**Exercise requirements:** Range to repeat from the listing below: the line containing "I am over the" down to the line containing "Använd den justerbara", both included. Copy it exactly, pictures excluded, and add nothing else.

**Extracted material:**
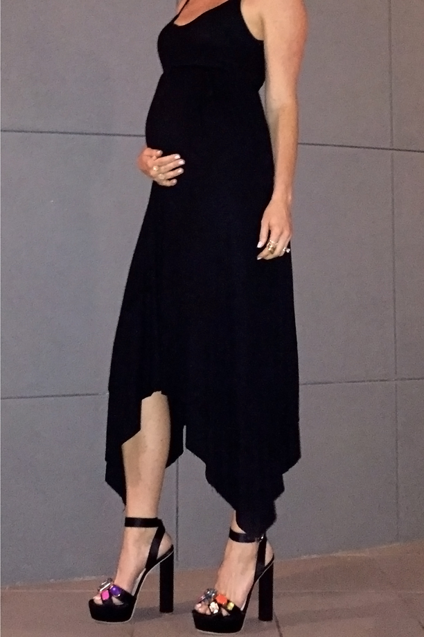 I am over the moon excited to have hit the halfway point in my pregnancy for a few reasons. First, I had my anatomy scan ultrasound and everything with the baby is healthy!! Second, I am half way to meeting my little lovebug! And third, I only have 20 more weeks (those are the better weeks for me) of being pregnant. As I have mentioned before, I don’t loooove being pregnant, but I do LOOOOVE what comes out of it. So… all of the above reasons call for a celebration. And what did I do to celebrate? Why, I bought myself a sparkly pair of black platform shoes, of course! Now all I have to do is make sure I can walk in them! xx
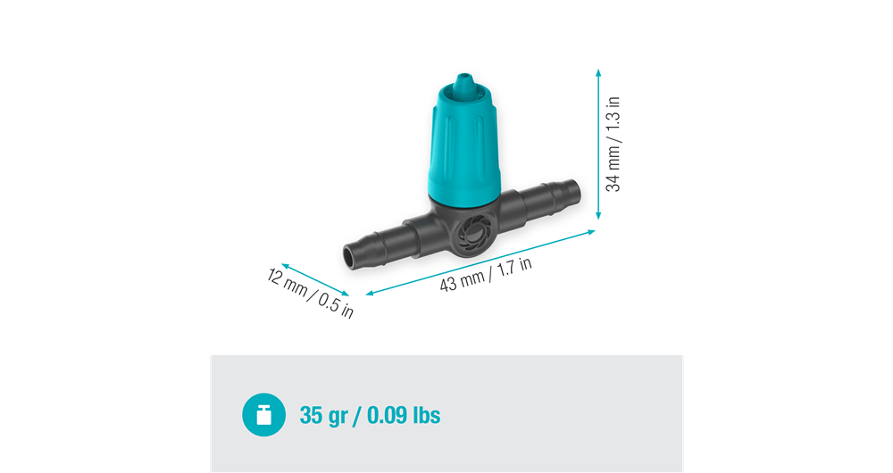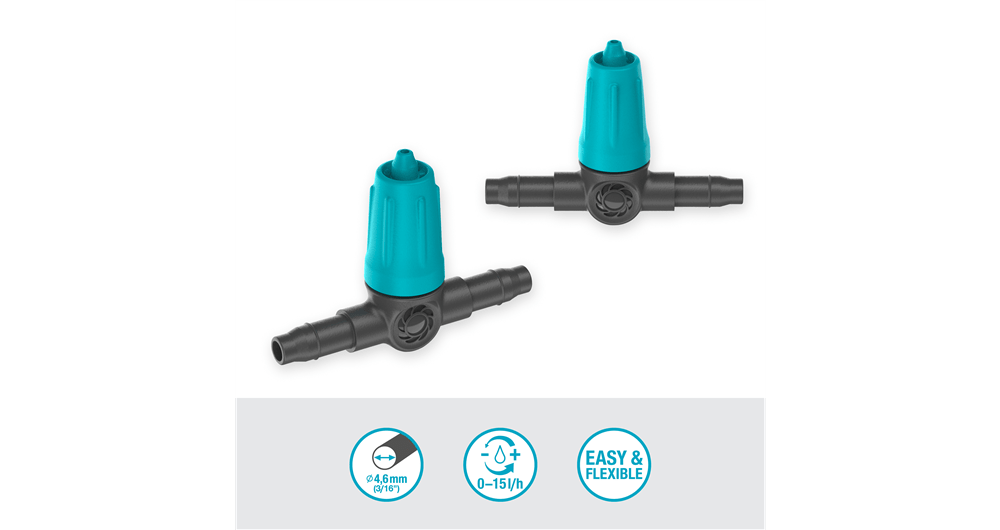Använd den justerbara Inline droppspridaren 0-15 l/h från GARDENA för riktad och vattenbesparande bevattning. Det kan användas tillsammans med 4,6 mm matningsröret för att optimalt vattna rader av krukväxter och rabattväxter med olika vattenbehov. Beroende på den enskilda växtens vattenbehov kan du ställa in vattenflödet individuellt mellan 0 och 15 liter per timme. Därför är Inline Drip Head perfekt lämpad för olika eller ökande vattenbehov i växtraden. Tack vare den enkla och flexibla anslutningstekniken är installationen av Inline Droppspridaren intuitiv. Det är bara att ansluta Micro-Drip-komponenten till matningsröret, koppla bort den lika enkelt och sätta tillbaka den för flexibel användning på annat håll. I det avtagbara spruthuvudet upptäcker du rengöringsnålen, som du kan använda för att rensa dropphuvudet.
--
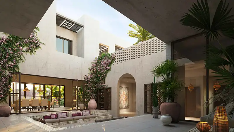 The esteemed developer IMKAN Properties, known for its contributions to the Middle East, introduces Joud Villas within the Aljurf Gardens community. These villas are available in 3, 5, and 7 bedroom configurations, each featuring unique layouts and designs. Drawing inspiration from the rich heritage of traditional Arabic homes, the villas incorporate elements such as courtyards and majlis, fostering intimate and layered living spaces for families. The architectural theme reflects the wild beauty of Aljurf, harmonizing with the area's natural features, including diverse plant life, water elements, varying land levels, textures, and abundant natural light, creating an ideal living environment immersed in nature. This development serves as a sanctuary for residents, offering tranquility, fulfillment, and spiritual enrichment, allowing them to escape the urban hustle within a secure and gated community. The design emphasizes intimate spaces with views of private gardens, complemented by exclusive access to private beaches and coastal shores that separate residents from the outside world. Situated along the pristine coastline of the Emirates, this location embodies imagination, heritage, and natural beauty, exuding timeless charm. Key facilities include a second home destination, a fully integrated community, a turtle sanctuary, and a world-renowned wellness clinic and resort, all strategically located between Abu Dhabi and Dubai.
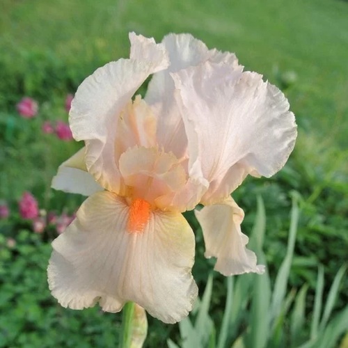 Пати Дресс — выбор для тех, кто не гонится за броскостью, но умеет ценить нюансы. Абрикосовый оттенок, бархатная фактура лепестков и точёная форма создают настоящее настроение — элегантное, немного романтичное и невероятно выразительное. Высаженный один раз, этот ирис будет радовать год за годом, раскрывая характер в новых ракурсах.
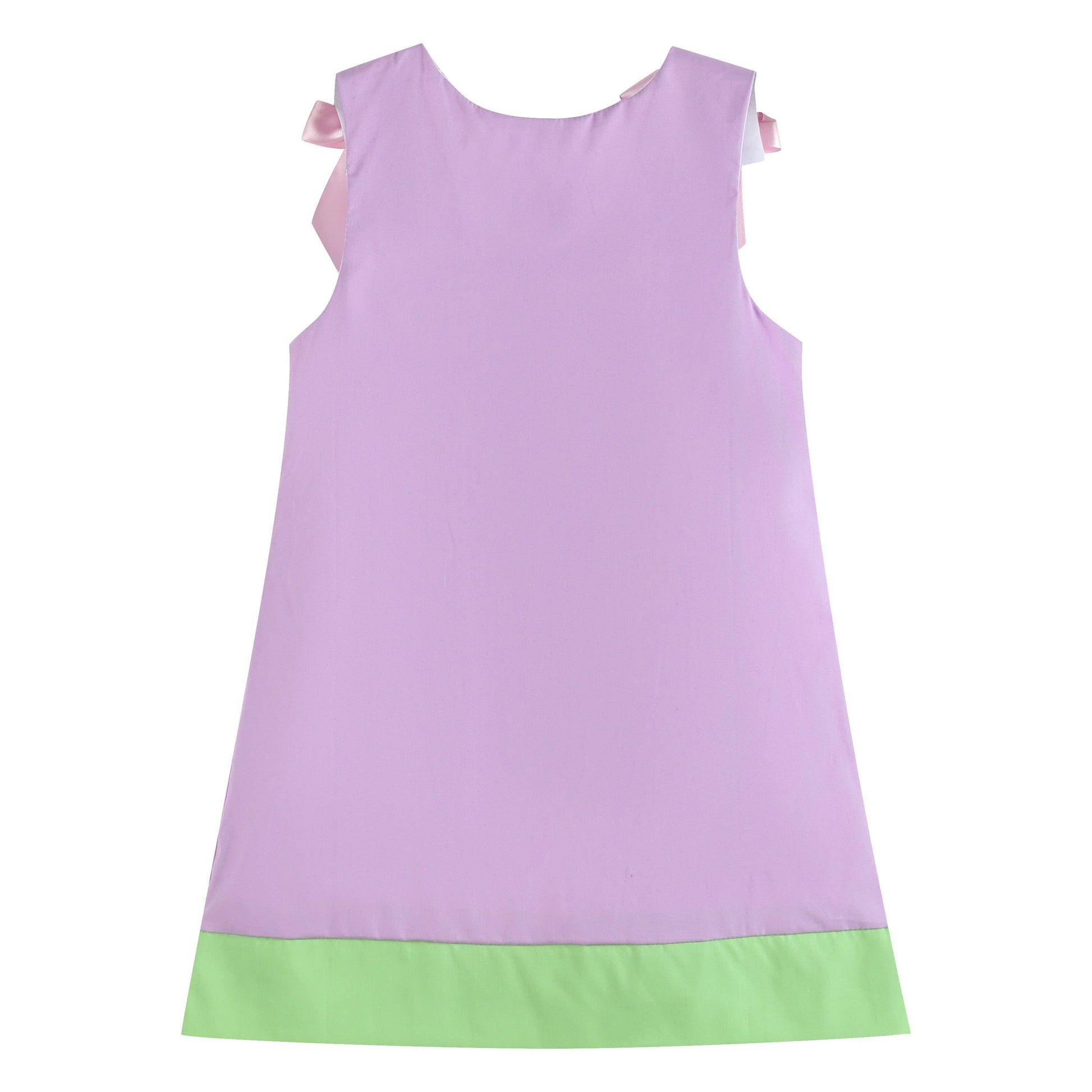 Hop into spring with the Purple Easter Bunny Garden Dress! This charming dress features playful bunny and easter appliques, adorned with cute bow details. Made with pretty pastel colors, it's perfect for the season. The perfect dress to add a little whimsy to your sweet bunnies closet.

**Response to this exercise:**
 I am over the moon excited to have hit the halfway point in my pregnancy for a few reasons. First, I had my anatomy scan ultrasound and everything with the baby is healthy!! Second, I am half way to meeting my little lovebug! And third, I only have 20 more weeks (those are the better weeks for me) of being pregnant. As I have mentioned before, I don’t loooove being pregnant, but I do LOOOOVE what comes out of it. So… all of the above reasons call for a celebration. And what did I do to celebrate? Why, I bought myself a sparkly pair of black platform shoes, of course! Now all I have to do is make sure I can walk in them! xx
Använd den justerbara Inline droppspridaren 0-15 l/h från GARDENA för riktad och vattenbesparande bevattning. Det kan användas tillsammans med 4,6 mm matningsröret för att optimalt vattna rader av krukväxter och rabattväxter med olika vattenbehov. Beroende på den enskilda växtens vattenbehov kan du ställa in vattenflödet individuellt mellan 0 och 15 liter per timme. Därför är Inline Drip Head perfekt lämpad för olika eller ökande vattenbehov i växtraden. Tack vare den enkla och flexibla anslutningstekniken är installationen av Inline Droppspridaren intuitiv. Det är bara att ansluta Micro-Drip-komponenten till matningsröret, koppla bort den lika enkelt och sätta tillbaka den för flexibel användning på annat håll. I det avtagbara spruthuvudet upptäcker du rengöringsnålen, som du kan använda för att rensa dropphuvudet.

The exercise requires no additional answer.